Мы должны теперь объяснить читателям, какими правилами ру­ководились мы при вы­боре текста, который мы воспроизводим в на­шем издании. Дело в том, что среди статей, вхо­дящих в предлагаемый том, некоторые появились сначала на немецком языке и только через несколько лет были Плехановым переведены в сборнике «Кри­тика наших критиков».

Само собой разумеется, что мы считали необходимым взять за основу текст, одобренный Плехановым. К сожалению, оказалось, что сборник «Критика наших критиков» издан был очень неряшливо. Плеханов, наверное, не читал корректур и поэтому в транскрипцию имен и названий вкрались многочисленные ошибки. Кроме того, страха ради цензурного, пришлось смягчить многие выражения. Укажу в виде примера на статью «Материализм или кантиа­низм», где слово «атеизм» пришлось заменить словом «суеверие». В результате полу­чается такая неразбериха: Плеханов спрашивает К. Шмидта, заинте­ресована ли буржуазия в том, чтобы «морализовать» пролетариат и бороться с тем отрицательным отношением к суеве­рию, которое

все более и более распространяется в этом классе? В немецком тексте сказано просто: бо­роться с атеизмом. Во всех таких случаях мы позволили себе восстановить, руководясь не­мецким оригиналом, мысль Плеханова в ее первоначальной, более яркой и точной форме.
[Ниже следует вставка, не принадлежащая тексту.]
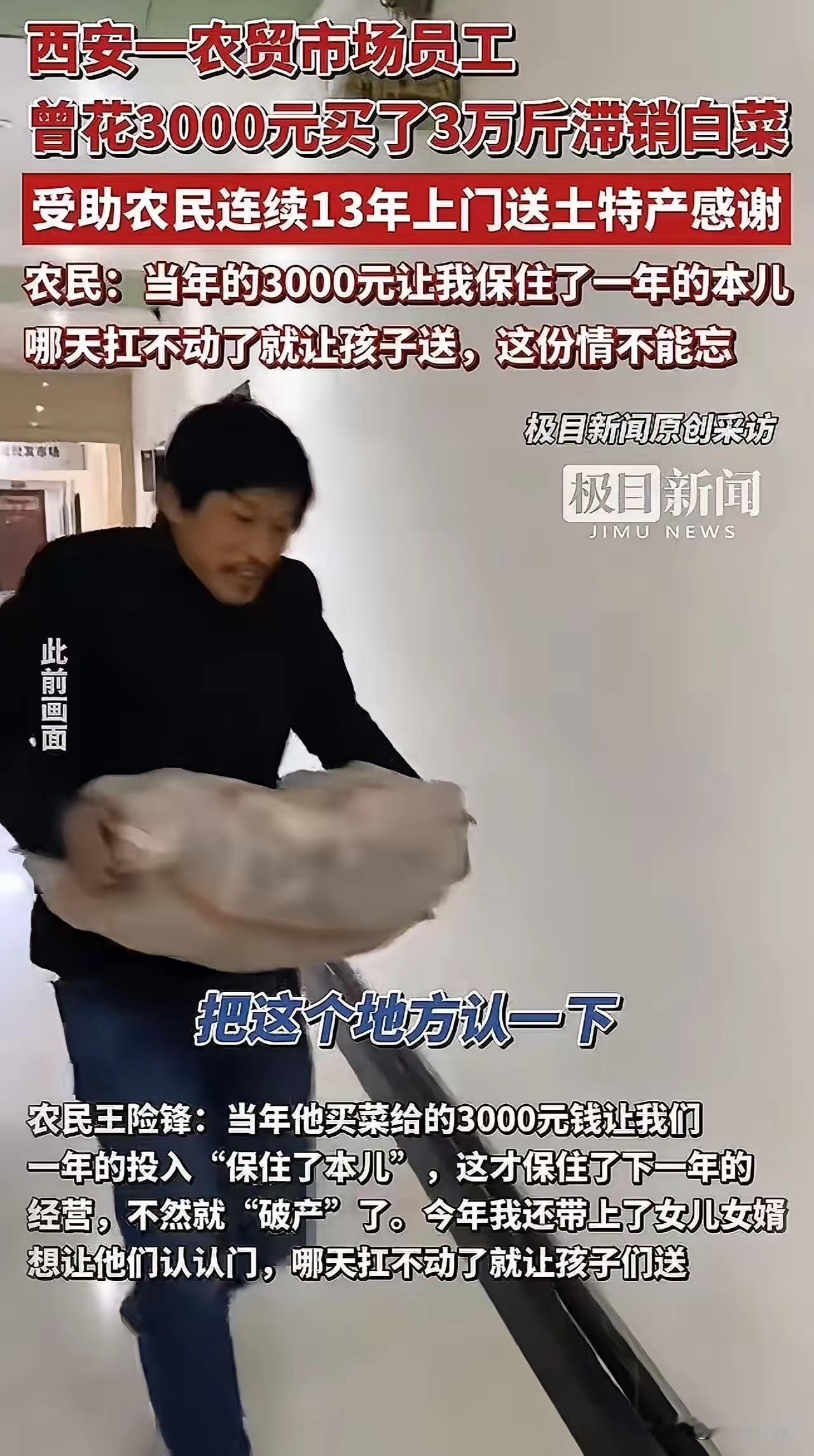 “这就叫知恩图报!”一句质朴的话语,吐露了农民对市场工作人员的深切感激。十三年来,农民始终坚持给市场工作人员送上土特产。这份坚持,既非迫于压力,也不是为了攀附关系,纯粹是源自内心深处的感恩与回报。 忆起往昔那段艰难岁月,农民的脸上仍洋溢着感激的笑容。那一年,农民遭遇了严重的农产品滞销,家中的白菜堆积成山,眼看着就要烂掉。就在这危急时刻,市场工作人员伸出了援助之手。他们掏出3000元,帮农民卖掉了三万斤滞销的白菜,不仅解了农民的燃眉之急,更让他们的辛勤劳作有了收获。那一次帮扶,恰似春风化雨,温暖了农民的心,也让他们看到了生活的希望。 这份恩情,农民一直铭记。为表感激,他决定以自己的方式回馈——每年都给市场工作人员送些土特产。这些土特产或许并不贵重,却满含着农民对他们的感恩与敬重。农民说:“我会一直送下去,哪天我扛不动了,就让孩子接着送,这份情不能忘!”这份坚持,既是对恩情的报答,也是对彼此情谊的珍视。 农民的举动,映射出中华民族的传统美德——感恩与回报。在这个快节奏的社会中,许多恩情或许会被遗忘,但农民用行动告诉我们,感恩不仅是一种美德,更是一份责任。无论身份贵贱、贫富差距,心怀感恩之人,都能在人际交往中寻得温暖与力量。 这十三年的坚守,虽是一份平凡的善意,却彰显了农民朴实而真诚的情感,也传递出一种正能量:感恩绝非一句空谈,更需用行动去践行。正如农民所言:“这份情不能忘。”在生活中,我们也应学会感恩,用真心回报那些曾帮助过我们的人。 这个感恩的故事,温暖了人心,也让我们坚信,善良与感恩,终将成为连接人与人之间最坚实的纽带。让我们用心感受身边的善意,用行动传递温暖,共同营造一个充满爱与感恩的社会。
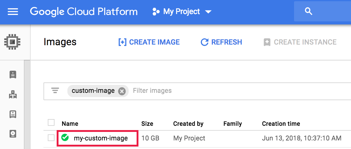 Custom images can also be specified by their family URI, which always chooses the most recent image within the image family.
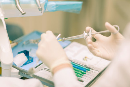 Detail of a dentist performing surgery with anesthesia on a patient for root canal treatment and regeneration. No people are recognizable.

Но мы наткнулись еще и на другое препятствие, не менее серьезное, хотя оно касалось статей, появившихся впервые на русском языке. Речь идет о статьях, которые были сначала опубликованы в зарубежной литературе — в «Заре» — и вошли после в сборники, из­данные легальным порядком. Можно было бы, конечно, поступить так же, как тов. Горев, который в сборнике «В защиту революцион­ного марксизма» перепечатал статьи против Струве в той их ре­дакции, которая имеется в сборнике «Критика наших критиков». Но это было бы весьма неудовлетворительным решением вопроса. Уже беглое сравнение легального текста с тек­стом «Зари» показало, что в легальном издании Плеханов вынужден был согласиться на си­стематическое искоренение таких жупелов для старушки цензуры, как «социальная револю­ция» и «диктатура пролетариата». Так, где речь идет о «социальной революции»,— при­шлось писать о «перевороте» или «изменении общественных отношений», а вместо «дикта­туры пролетариата» пускать в ход египетские иероглифы и писать о «не­коей диктатуре».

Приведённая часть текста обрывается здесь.